> _What is needed_
In the material below, pictures must be dropped. Repeat exactly, and only, the lines from the line with "Durante la jornada" to the line with "The top choice", both ends included.

> _Materials provided_

=== Section Start ===

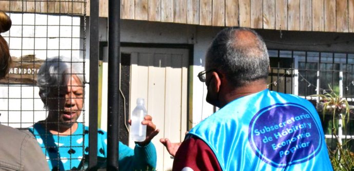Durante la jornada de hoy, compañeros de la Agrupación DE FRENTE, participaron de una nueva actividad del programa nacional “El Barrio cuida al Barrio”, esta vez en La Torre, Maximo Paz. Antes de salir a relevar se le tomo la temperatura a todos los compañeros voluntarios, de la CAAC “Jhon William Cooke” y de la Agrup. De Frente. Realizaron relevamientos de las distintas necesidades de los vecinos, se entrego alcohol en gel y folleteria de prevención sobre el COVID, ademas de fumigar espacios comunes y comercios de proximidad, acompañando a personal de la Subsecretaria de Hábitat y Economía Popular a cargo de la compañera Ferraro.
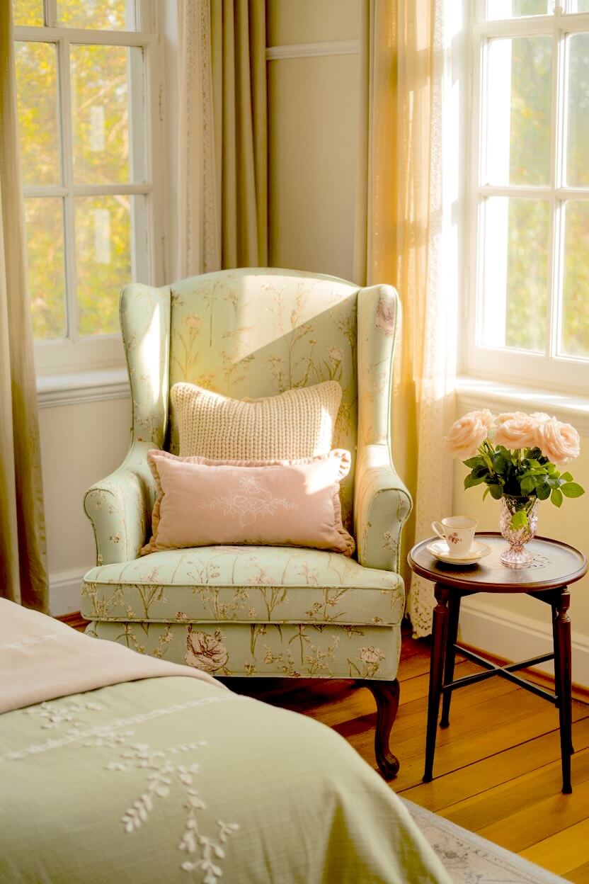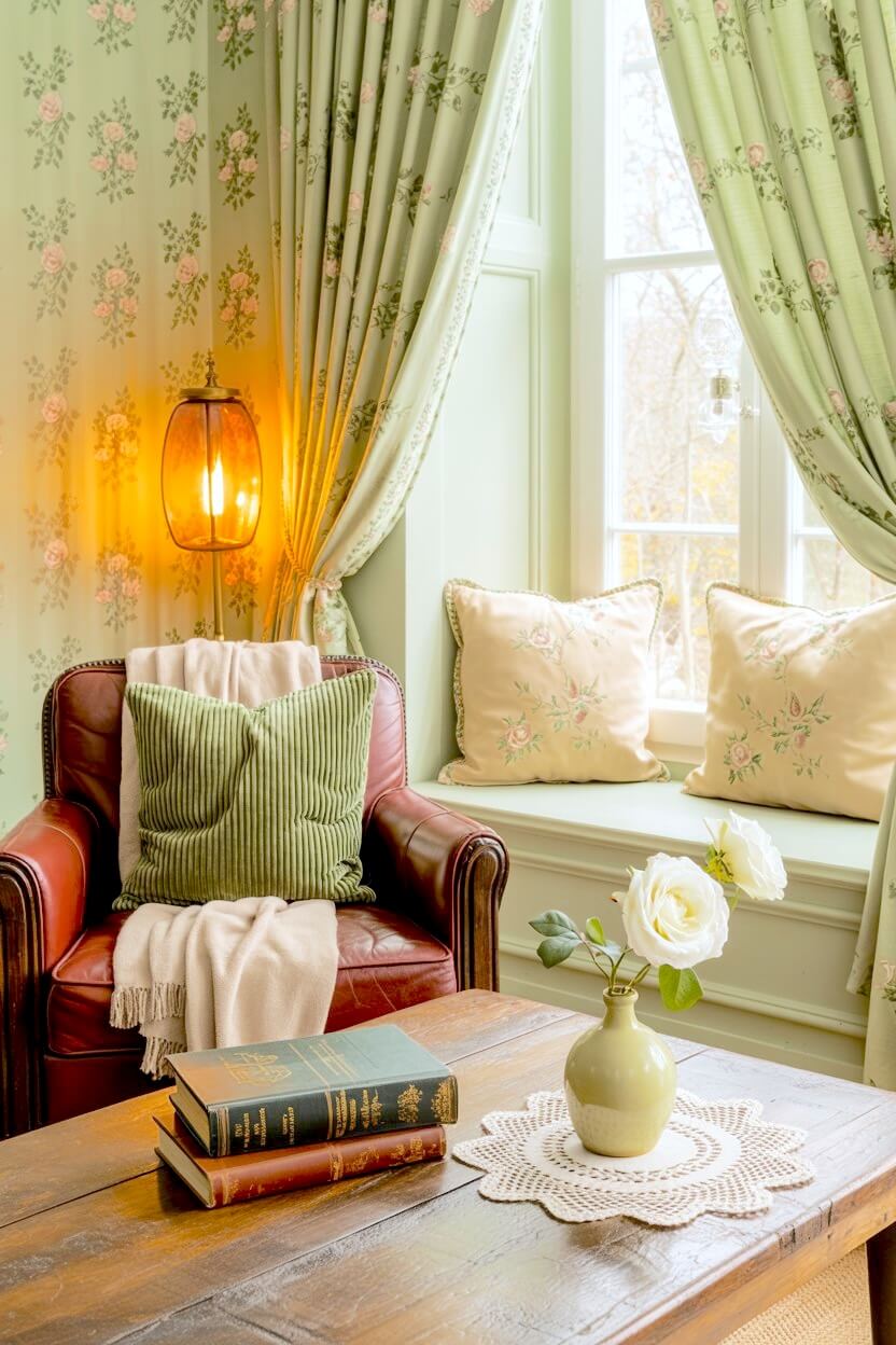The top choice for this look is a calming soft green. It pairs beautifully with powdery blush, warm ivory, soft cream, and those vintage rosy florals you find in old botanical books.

=== Section End ===
=== Section Start ===

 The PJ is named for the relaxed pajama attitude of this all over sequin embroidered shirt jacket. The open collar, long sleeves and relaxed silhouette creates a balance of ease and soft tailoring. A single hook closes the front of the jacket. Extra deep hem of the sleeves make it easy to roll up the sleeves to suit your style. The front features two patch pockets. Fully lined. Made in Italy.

=== Section End ===
=== Section Start ===

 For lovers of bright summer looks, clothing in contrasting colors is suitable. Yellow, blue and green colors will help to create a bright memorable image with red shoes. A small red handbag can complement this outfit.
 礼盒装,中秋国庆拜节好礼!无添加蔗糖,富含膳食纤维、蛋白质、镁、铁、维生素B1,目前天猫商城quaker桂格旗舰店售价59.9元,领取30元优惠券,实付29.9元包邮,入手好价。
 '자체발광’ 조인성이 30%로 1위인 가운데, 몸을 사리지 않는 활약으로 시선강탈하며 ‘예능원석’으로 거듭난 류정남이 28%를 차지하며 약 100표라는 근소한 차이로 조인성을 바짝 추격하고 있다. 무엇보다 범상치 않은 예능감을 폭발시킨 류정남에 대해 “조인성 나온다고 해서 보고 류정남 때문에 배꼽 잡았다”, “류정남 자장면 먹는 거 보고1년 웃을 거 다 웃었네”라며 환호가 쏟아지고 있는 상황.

=== Section End ===

> _Task result_
Durante la jornada de hoy, compañeros de la Agrupación DE FRENTE, participaron de una nueva actividad del programa nacional “El Barrio cuida al Barrio”, esta vez en La Torre, Maximo Paz. Antes de salir a relevar se le tomo la temperatura a todos los compañeros voluntarios, de la CAAC “Jhon William Cooke” y de la Agrup. De Frente. Realizaron relevamientos de las distintas necesidades de los vecinos, se entrego alcohol en gel y folleteria de prevención sobre el COVID, ademas de fumigar espacios comunes y comercios de proximidad, acompañando a personal de la Subsecretaria de Hábitat y Economía Popular a cargo de la compañera Ferraro.
The top choice for this look is a calming soft green. It pairs beautifully with powdery blush, warm ivory, soft cream, and those vintage rosy florals you find in old botanical books.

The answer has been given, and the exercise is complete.